If the Government were to make a commitment to a regular uprating of child benefit, I believe it would be advantageous and would help to take the issue out of party politics; but it would be essential to revise the composition of the retail prices index. The index is an extremely blunt and inaccurate instrument and it has two particular disadvanges. In the present make-up of the RPI, alcohol and tobacco are reckoned to amount to over one-tenth of average household expenditure. Thus if there were a 10 per cent. increase in the price of tobacco products and alcoholic drinks the index would rise a full point and the Government would be obliged to add £33 million to child benefit, although the amount of money that the mother would have to spend on the children because of the change in the price of alcohol and tobacco would obviously be negligible or nothing.
The second consideration is that the index lakes no note of family size. It is deemed to refer to an average sized household, but when we are suffering an increase in the price of bread, for example, as we are at the moment, it is a serious matter for a single person but it is four or five times as serious for a 487 breadwinner with a wife and two or three children to support. The retail prices index, therefore, should take into account the real circumstances of the family if we are to use it as a measure of the future uprating of child benefit. We need to reconsider the way we calculate the RPI to ensure that it measures real-life situations.
In the long title I also propose that the additional cost should be borne by the National Insurance Fund. That is not just to keep within the rules of order. We are now paying earnings-related contributions for national insurance, but we are moving exclusively towards the payment of flat-rate benefits. I am not necessarily opposing that reform, but it is a total break with the original concept of national insurance. It is fair to point out that, if contributions rise with incomes and some benefits rise with with prices, but child benefits do not necessarily rise at all, we shall create a system which will gradually transfer resources from children to the tax collector. This is a matter which the House should study carefully.
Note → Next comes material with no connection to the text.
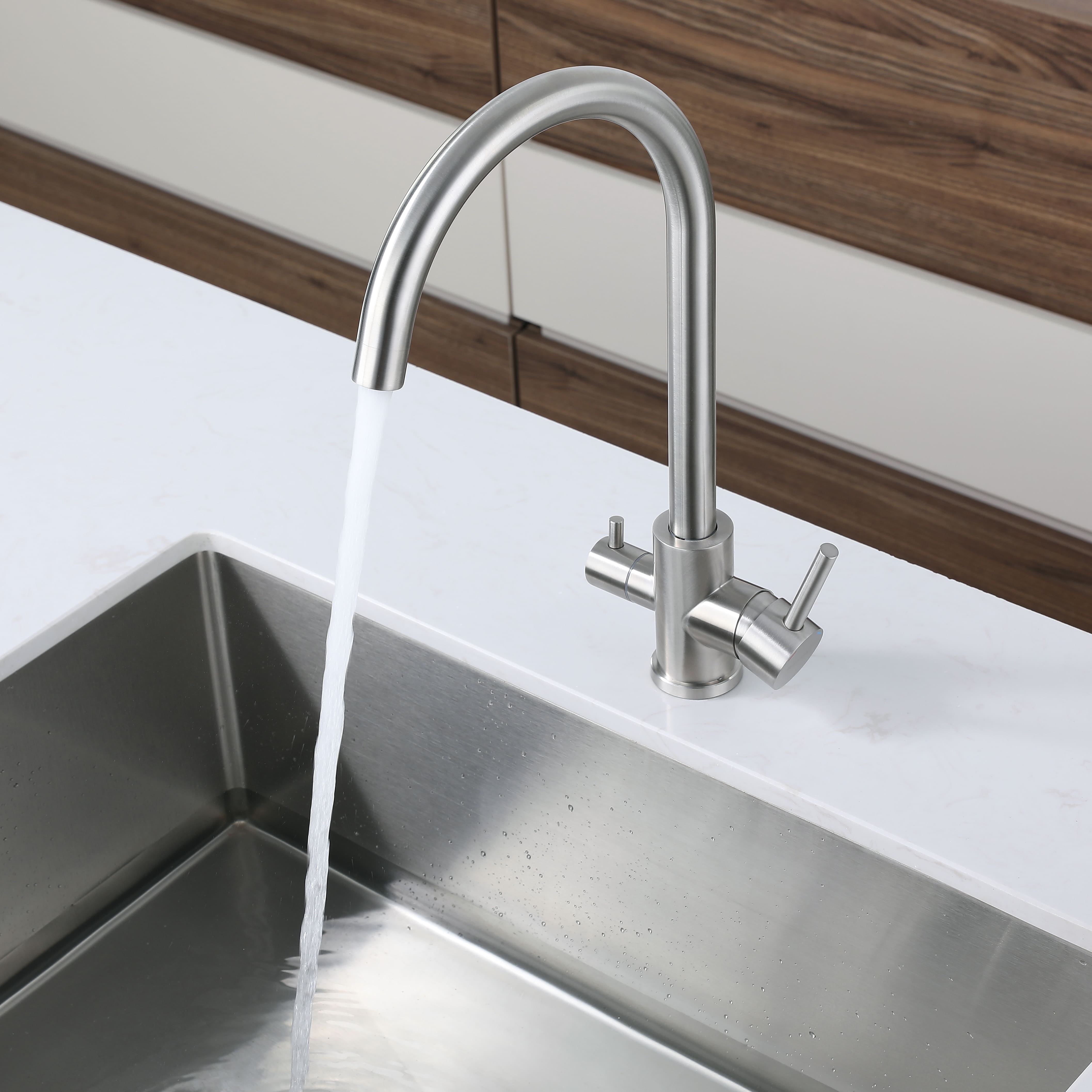 Смеситель Z-5411 изготовлен из нержавеющей стали и прослужит Вам долгие годы. Изящный и надёжный смеситель прекрасно впишется в интерьер любой современной кухни.

My third specific suggestion, which I have already discussed with the Leader of the House, is that we might set up a Select Committee, or at least a joint Sub-Committee of the relevant Select Committees, to study our whole policy for the redistribution of income and the administrative methods by which we carry it out. Such a committee could study the issues related to child benefit. It could look at the Green Paper which we are promised for the autumn on the 488 tax treatment of husband and wife. It could consider, for instance, the whole structure of housing subsidies and many other questions with a direct bearing on family policy.
By introducing the Bill I am seeking not to divide the House but rather to unite it. I have been warned that an hon. Member might seek to force a Division out of mischief. That would cheapen the whole issue and introduce a note of party opportunism which would be out of place. In that case, I would ask supporters in all parts of the House not to take part in the vote. However, I hope that the House will consider it useful for a Bill such as I propose to be brought in, and that I shall have the leave of the House to introduce it.
§ Question put and agreed to.
§ Bill ordered to be brought in by Sir Brandon Rhys Williams, Mr. Peter Bottomley and Mr. Frank Field.